Implementing a new device requires to implement:
- The device itself that specializes the abstract Device<TConfiguration>.
- The corresponding configuration that specializes the abstract DeviceConfiguration.
- The host for this type of devices that specializes the abstract DeviceHost<T, THostConfiguration, TConfiguration>.
A host MAY have a specialized DeviceHostConfiguration<TConfiguration> where TConfiguration is the actual
device's configuration, but this is totally optional. The DeviceHostConfiguration is not abstract and can be used directly so that
a typical host implementation is an empty class that uses the DeviceHostConfiguration<TConfiguration>
as its own configuration:
public class FlashBulbHost : DeviceHost<FlashBulb, DeviceHostConfiguration<FlashBulbConfiguration>, FlashBulbConfiguration>
{
}
The host configuration exposes the List<TConfiguration> Items
with all the device's configuration that must be applied. By default,
a host configuration is "partial": it will ignore all existing devices that don't appear in its Items
.
This behavior can be changed thanks to the IsPartialConfiguration
property:
/// <summary>
/// Gets or sets whether this is a partial configuration: <see cref="Items"/> will be applied
/// but existing devices without configurations are let as-is.
/// Defaults to true.
/// <para>
/// When set to false, this configuration destroys all devices for which no configuration exists in the <see cref="Items"/>.
/// </para>
/// </summary>
public bool IsPartialConfiguration { get; set; }
Host can expose dedicated properties, methods or events with its own specialized configuration but, as of today, we've not used this capability for any device.

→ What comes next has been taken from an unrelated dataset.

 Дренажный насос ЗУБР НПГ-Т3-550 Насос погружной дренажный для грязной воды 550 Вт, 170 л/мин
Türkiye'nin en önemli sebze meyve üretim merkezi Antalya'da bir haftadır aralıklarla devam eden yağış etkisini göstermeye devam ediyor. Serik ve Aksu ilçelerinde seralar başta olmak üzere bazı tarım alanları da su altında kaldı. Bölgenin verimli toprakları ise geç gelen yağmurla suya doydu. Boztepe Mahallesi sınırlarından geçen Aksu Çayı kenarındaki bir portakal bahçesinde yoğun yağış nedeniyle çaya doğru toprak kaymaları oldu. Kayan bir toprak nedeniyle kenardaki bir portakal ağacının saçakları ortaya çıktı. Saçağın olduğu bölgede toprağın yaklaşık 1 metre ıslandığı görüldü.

Like the other component of the CK-DeviceModel, host expose both a non-generic API via its IDeviceHost interface and is strongly typed at its own level (hence the numerous generic parameters). The IDeviceHost interface is easy to understand.
A host is a multiple singleton service: each instance of *concrete DeviceHost type exists
only once but their IDeviceHost interface (that is marked with [IsMultiple] attribute) is
registered as a IEnumerable<IDeviceHost>
of hosts.
For those are curious, this simply results of the way the interface and the base class are defined.

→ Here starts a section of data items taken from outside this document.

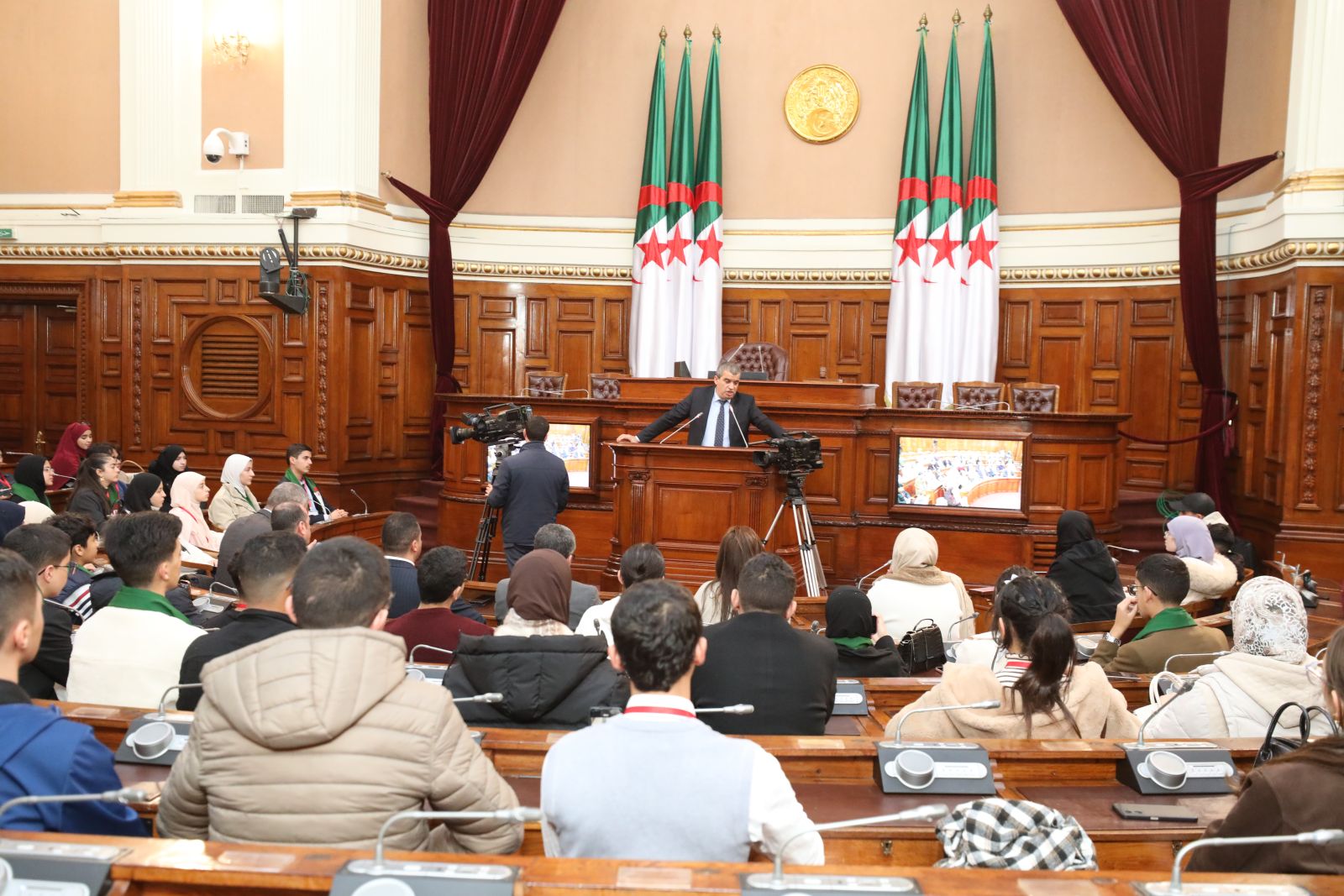 السيد عزوز ناصري ألقى بالمناسبة كلمة شدد فيها على أهمية هذه الهيئة التشريعية التي تعد تجربة فريدة في حياة هؤلاء الشابات و الشبان مبديا اعتزازه بمستوى النضج الذي ابانوا عنه و بدرجة الوعي الذي أظهروه فيما يخص قضايا المجتمع عامة و فئتي الطفولة و الشباب خاصة مصرحا بأن ما لمسه منهم يجعله يصرح بأنه لا خوف على الجزائر، داعيا إياهم بالمناسبة بالتمسك بمبادئ رسالة نوفمبر و الاعتزاز بوطنهم و بأمجاد اجدادهم التي يجب عليهم ان يجعلوا منها نبراسا من اجل مستقبل الجزائر المنتصرة التي يرسي دعائمها السيد عبد المجيد تبون، رئيس الجمهورية.
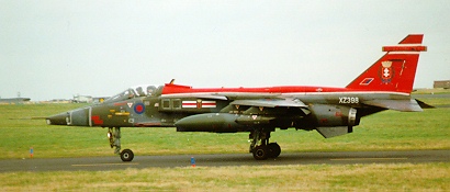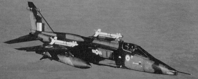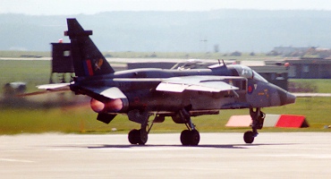 | ajaguar.jpg | 25655 bytes | GR.1A - XZ372 - No.6 Sqn, RAF Coltishall Sporting under-wing drop tanks and over-wing sidewinder missiles, this example makes its landing approach to RAF Coltishall in Norfolk. - Paul Crossley's (RAF) Plane Page |
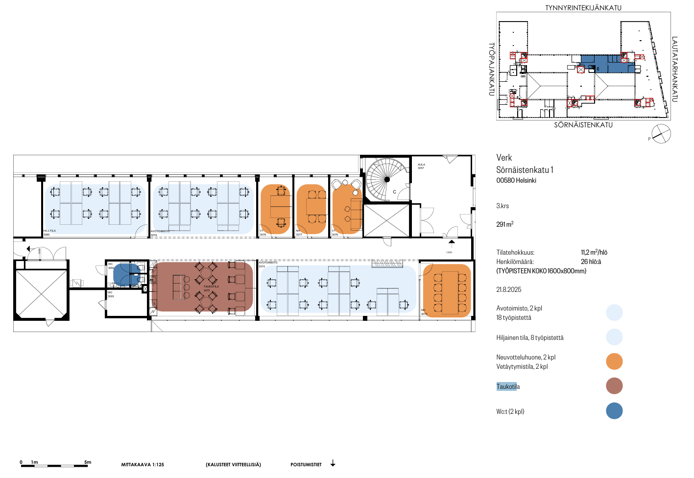 Kokonaisuus on 291 m² kolmannessa kerroksessa ja sopii erinomaisesti esimerkiksi 10-26 hengen tiimille. Tilatehokkuus on erinomainen: 11,2 m²/hlö. Työpisteiden koko on luonnoksessa 1600 x 800 mm. Ratkaisu sisältää:
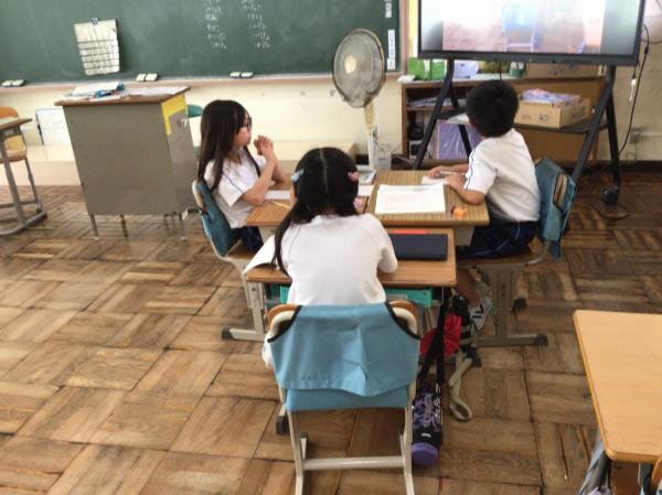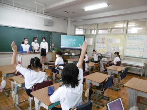 司会を立てて、「スーポーツフェスティバルの合言葉」を考えました。司会を初めて行う人もいましたが、教科書の流れを参考にしながら上手にまとめました。
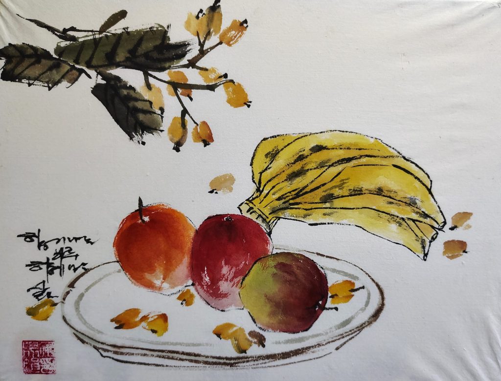 Asian Brush Painting is rich in tradition and expressive in depth. It encompasses diverse styles such as Landscape Painting (산수화), Flower and Bird Painting (화조화),  Fruit and Vegetable (소과도), The Four Gentlemen (사군자), Abstract (추상화) each offering a distinct perspective on nature and emotion.
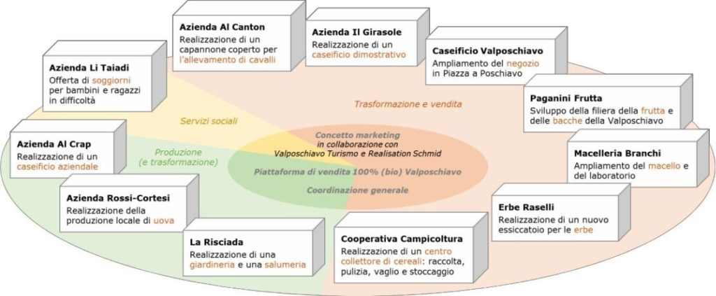 L’obiettivo principale del “concetto di marketing”, coordinato da Valposchiavo Turismo, è l’aumento del valore aggiunto locale generato dalle materie prime e dai prodotti trasformati in valle tramite la vendita in loco (alberghi, privati), la vendita nella vicina Engadina (alberghi) e la vendita nel resto della Svizzera (alberghi, commercio all’ingrosso, privati). Un aumento della vendita in loco andrà stimolato con il turismo, che dovrà indurre il turista a spostarsi in Valposchiavo per trovare l’«originale», mentre i prodotti che vengono commercializzati fuori valle avranno una funzione subalterna di “ambasciatori” per la valle. Nel concetto di marketing rientra anche la proposta di Andi Schmid (Realisation Schmid), che prevede la messa a dimora in diversi luoghi pubblici della Valposchiavo di piante da frutto. I frutti potranno essere colti da chiunque, da qui il nome del progetto «fruttipertutti».
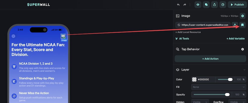 • Select a component: In the paywall editor, select an image or video component.
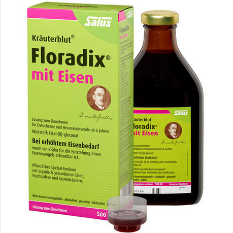 这款德国Salus Floradix Iron 铁元草本滋补液是全球最受欢迎补血圣品,强势占据国外65%的补铁市场,世界上4亿女性首选,吸收率高达98%。纯天然草本配方,这款绿色版本是在德国药房出售的,需要医生处方购买的,红色版本是在德国有机超市出售。补铁补血,有效改善缺铁性贫血,对睡眠质量不好,月经不调、肤色黯淡、手脚冰凉都有显著的改善作用。一般人均可食用,尤其适合妇女和孕妇。
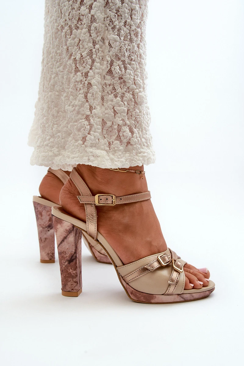 Dámské kožené sandály na podpatku Maciejka 06564-22 béžovo-zlaté
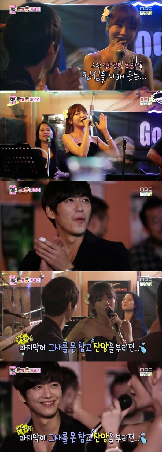 남궁민과 홍진영은 24일 방송된 MBC 예능프로그램 ‘우리 결혼했어요 시즌4’(이하 ‘우결4’)에서 사이판 신혼 여행을 떠난 후 라이브 바에서 노래를 불렀다.
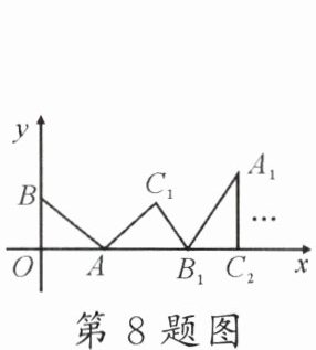 8.如图,在平面直角坐标系中,将$\triangle ABO沿x轴向右滚动到\triangle AB_{1}C_{1}$的位置,再到$\triangle A_{1}B_{1}C_{2}$的位置……依次进行下去,若已知点$A(4,0),B(0,3),AB= 5$,则点$C_{100}$的坐标为 ()
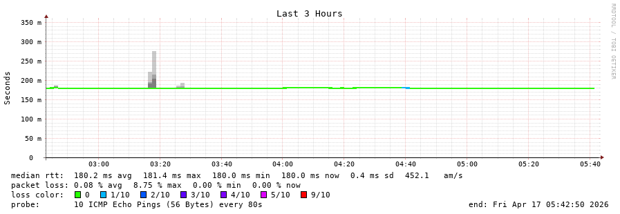 22 > 181.233.26.199 (181.233.26.199) [AS271835] 180.349ms 180.331ms 180.280ms

- IDeviceHost is defined as:
[IsMultiple]
public interface IDeviceHost : ISingletonAutoService { ... }
- And the DeviceHost base class is:
[CKTypeDefiner]
public abstract partial class DeviceHost<T, THostConfiguration, TConfiguration> : IDeviceHost
where T : Device<TConfiguration>
where THostConfiguration : DeviceHostConfiguration<TConfiguration>
where TConfiguration : DeviceConfiguration, new()
{ ... }
As a singleton service, a host is created whenever the application DI container requires one instance of its type and remains alive until the end of the container (more often the end the process).

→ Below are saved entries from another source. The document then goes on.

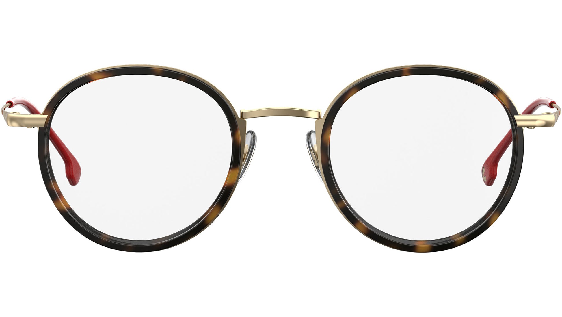 Carrera optical frame model 163/V/F color code 086 Havana. Both contemporary and timeless, casual but still refined, Carrera’s Spring/Summer collection relives the label’s treasured history and offers timeless products to discerning connoisseurs. These distinctive round eyeglasses put a modern twist on vintage styles, bringing Carrera’s best up to date. The discreet profile is sculpted from lightweight metal with black acetate rims and tips for a refined contrast. The slender arms are laser-engraved with Carrera lettering on each side and printed with the instantly recognizable Flag symbol on the left temple, while the discreet 'C' logo inside the left end tip adds another layer of desirability. A considered addition to any accessories repertoire, have them fitted with your preferred prescription or UV-protective lenses. International fit designed with adjustable nose pads and longer temples.
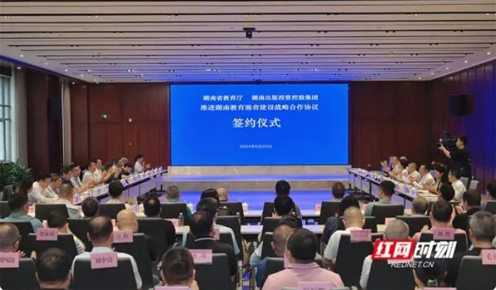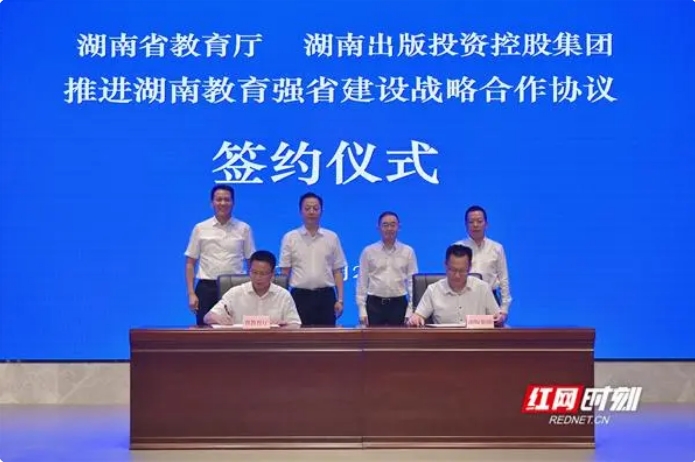 6月25日,湖南省教育廳與湖南出版集團舉行推進湖南教育強省建設戰略合作協議簽約儀式。
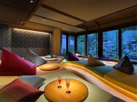酒店内部采用传统的日式设计,中央有一个美丽的花园,景色令人叹为观止。酒店门前还有一个足浴区,增添了一丝当地风情。
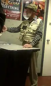 ![]() Steve Smith as Red Green, riding in the 2012 Golden Days Parade in Fairbanks, Alaska, representing Red Green local affiliate KUAC-TV | |
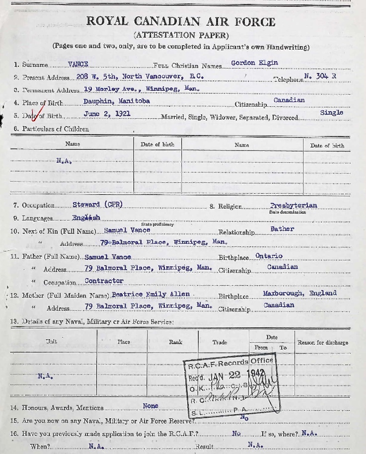 Digital gallery of Flying Officer Gordon Elgin Vance
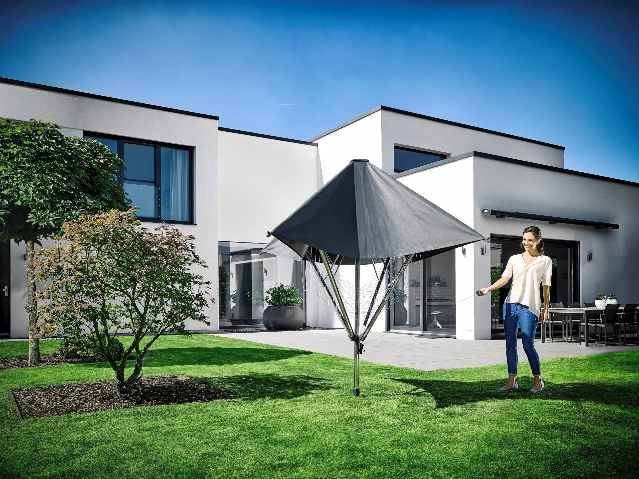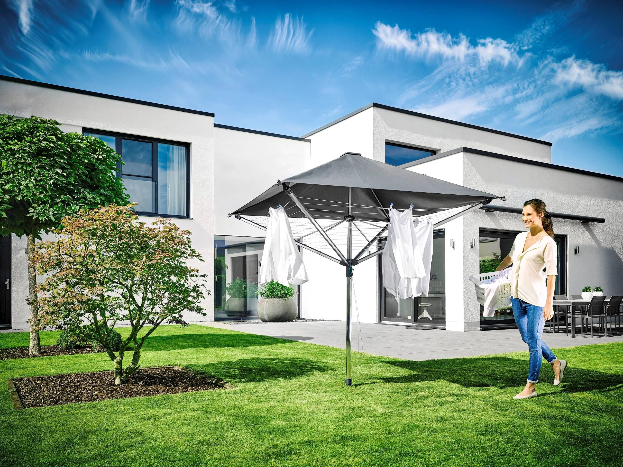 Det nye tørrestativ fra Leifheit, LinoProtect 400, gør det nu muligt at tørre tøj udendørs selvom det regner. LinoProtect er monteret med et tag, som gør, at man kan lade tøjet hænge ude selvom det begynder at regne.
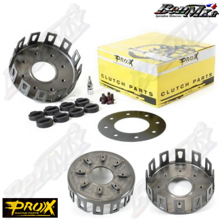 Les cloches d'embrayage PROX sont usinés avec précision à partir d'un alliage d'aluminium Billet 7075-T6 traité thermiquement selon les normes de précision d'origine. Les cloches PROX sont conçus pour maximiser la résistance grâce à un «flux de grains aligné sur les caractéristiques» et utilisent des caractéristiques forgées qui ne peuvent être produites qu'en utilisant notre processus de précision. Nous sommes capables de produire des propriétés mécaniques et une résistance aux chocs et à la fatigue plus élevées. Les cloches PROX sont anodisés dur pour produire une surface résistante à l'abrasion ultra dure et assure une longue durée de fonctionnement de l'embrayage en douceur grâce à l'élimination de l'usure sur les côtés des languettes du panier d'embrayage. Chaque kit est livré avec le matériel nécessaire pour faciliter l'installation.

In practice, another participant interacts with the hosts lifetime: the DeviceHostDaemon,
as a IHostedService is automatically instantiated at the start of the application and it depends
on the IEnumerable<IDeviceHost>
. This de facto instantiates all the hosts when the application
starts.
A host is not a IDisposable object however its IDeviceHost.ClearAsync
method destroys all its devices.
When stopped, the daemon can call this on all the hosts, explicitly destroying all the devices instead of
let them die with the process: see DeviceHostDaemon.